### Supplied material

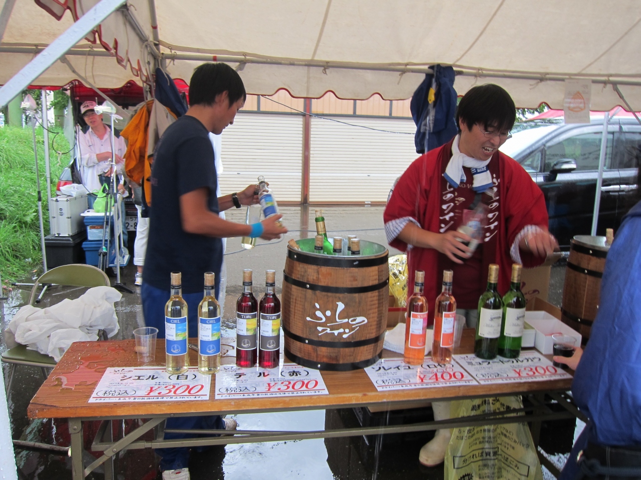 JR富良野駅前広場で開催されるワイン(ぶどう)のお祭りです。しかし、各銘柄とも、プラスチックのカップで1杯ずつ売っていて(1杯¥200円~)、ボトル売りのものは見かけませんでした。近くのフラノマルシェ、またはふらのワイン工場まで行くことになると思います。ほか、ぶどうジュース(1杯\100円)も販売されていました。
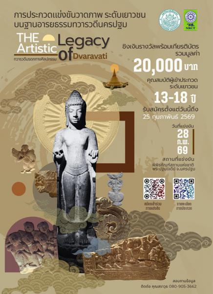 มหาวิทยาลัยศิลปากร ร่วมกับ สำนักงานการวิจัยแห่งชาติ (วช.) ขอเชิญนักเรียนมัธยมศึกษา สมัครเข้าร่วมการแข่งขันวาดภาพ ระดับเยาวชน บนฐานอารยธรรมทวารวดีนครปฐม หัวข้อ "The Artistic Legacy of Dvaravati ทวารวดี มรดกทางศิลปกรรม" ชิงเงินรางวัลมูลค่ารวม 20,000 บาท พร้อมใบประกาศนียบัตร
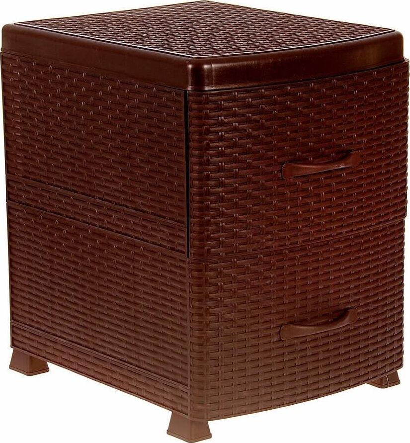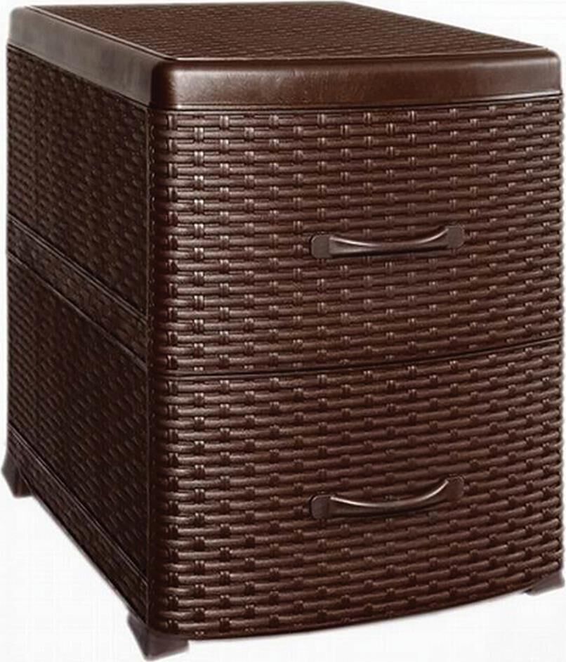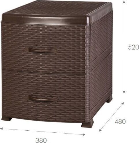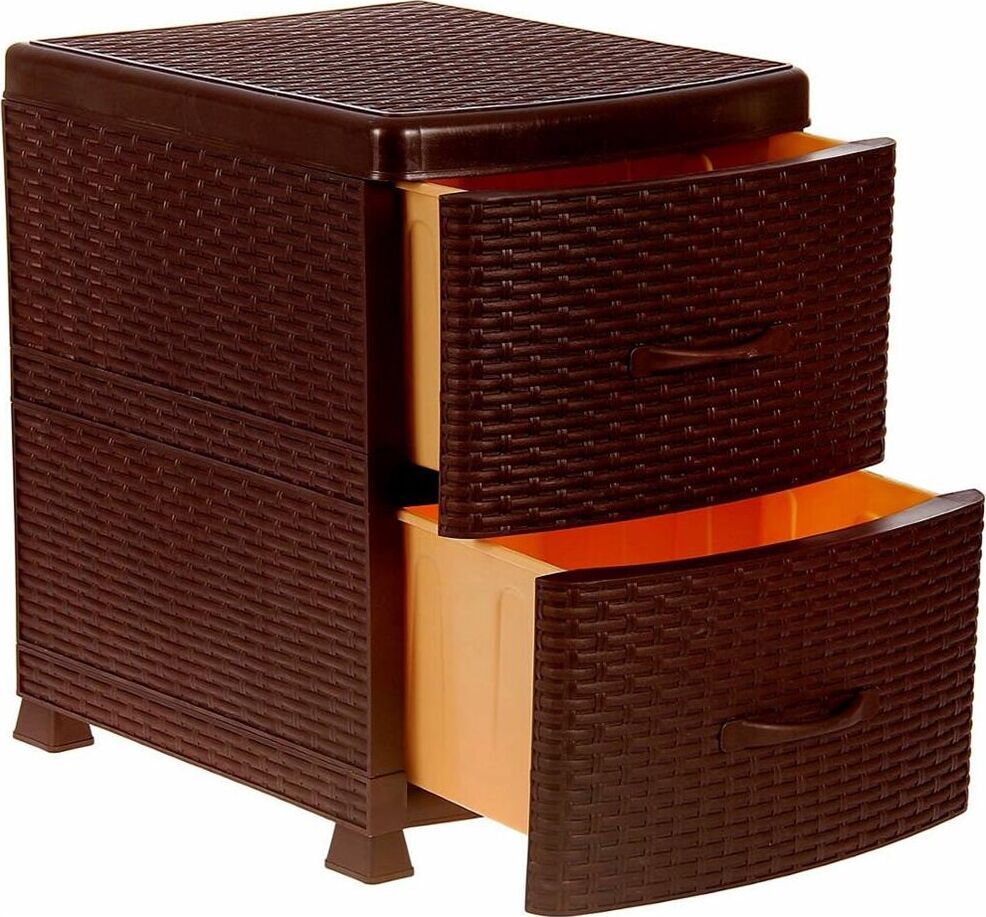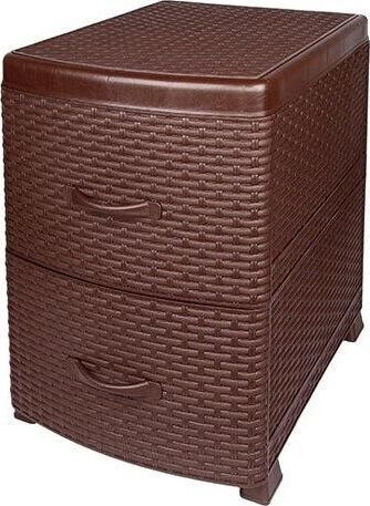 ЦВЕТ: коричневый. РАЗМЕР ИЗДЕЛИЯ: 480 x 380 x 520 мм. МАТЕРИАЛ: Полипропилен. Комод-тумба из пищевого пластика с двумя выдвижными ящиками предназначен для хранения вещей и продуктов питания и гармонично впишется в интерьер любой комнаты. Особенно гармонично будет смотреться в спальне, выполняя функцию прикроватной тумбочки.
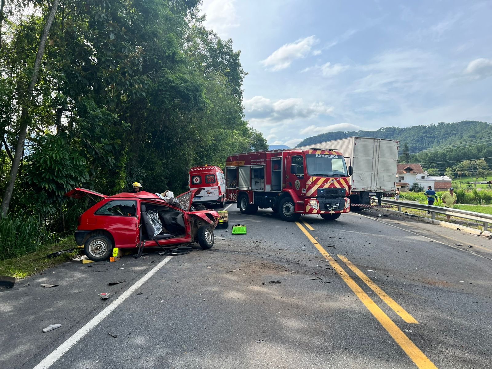 No carro duas vítimas, sendo: uma vítima, adulto de 46 anos, preso às ferragens veio a óbito e ficou sob os cuidados dos Bombeiros Voluntários da União e Polícia Científica; a segunda vítima, feminina, adulta de 45 anos, com Traumatismo Crânioencefálico (TCE) grave, foi conduzida para o Hospital Santa Isabel de Blumenau pela Bravo-02 tripulada pela equipe aeromédica do SAMU/SC.

######

- **Work task**: Set down exactly the lines above, from the line containing "มหาวิทยาลัยศิลปากร ร่วมกับ สำนักงานการวิจัยแห่งชาติ" through the line containing "ЦВЕТ: коричневый. РАЗМЕР". Skip the pictures.

- **Reply to the exercise**:
 มหาวิทยาลัยศิลปากร ร่วมกับ สำนักงานการวิจัยแห่งชาติ (วช.) ขอเชิญนักเรียนมัธยมศึกษา สมัครเข้าร่วมการแข่งขันวาดภาพ ระดับเยาวชน บนฐานอารยธรรมทวารวดีนครปฐม หัวข้อ "The Artistic Legacy of Dvaravati ทวารวดี มรดกทางศิลปกรรม" ชิงเงินรางวัลมูลค่ารวม 20,000 บาท พร้อมใบประกาศนียบัตร
 ЦВЕТ: коричневый. РАЗМЕР ИЗДЕЛИЯ: 480 x 380 x 520 мм. МАТЕРИАЛ: Полипропилен. Комод-тумба из пищевого пластика с двумя выдвижными ящиками предназначен для хранения вещей и продуктов питания и гармонично впишется в интерьер любой комнаты. Особенно гармонично будет смотреться в спальне, выполняя функцию прикроватной тумбочки.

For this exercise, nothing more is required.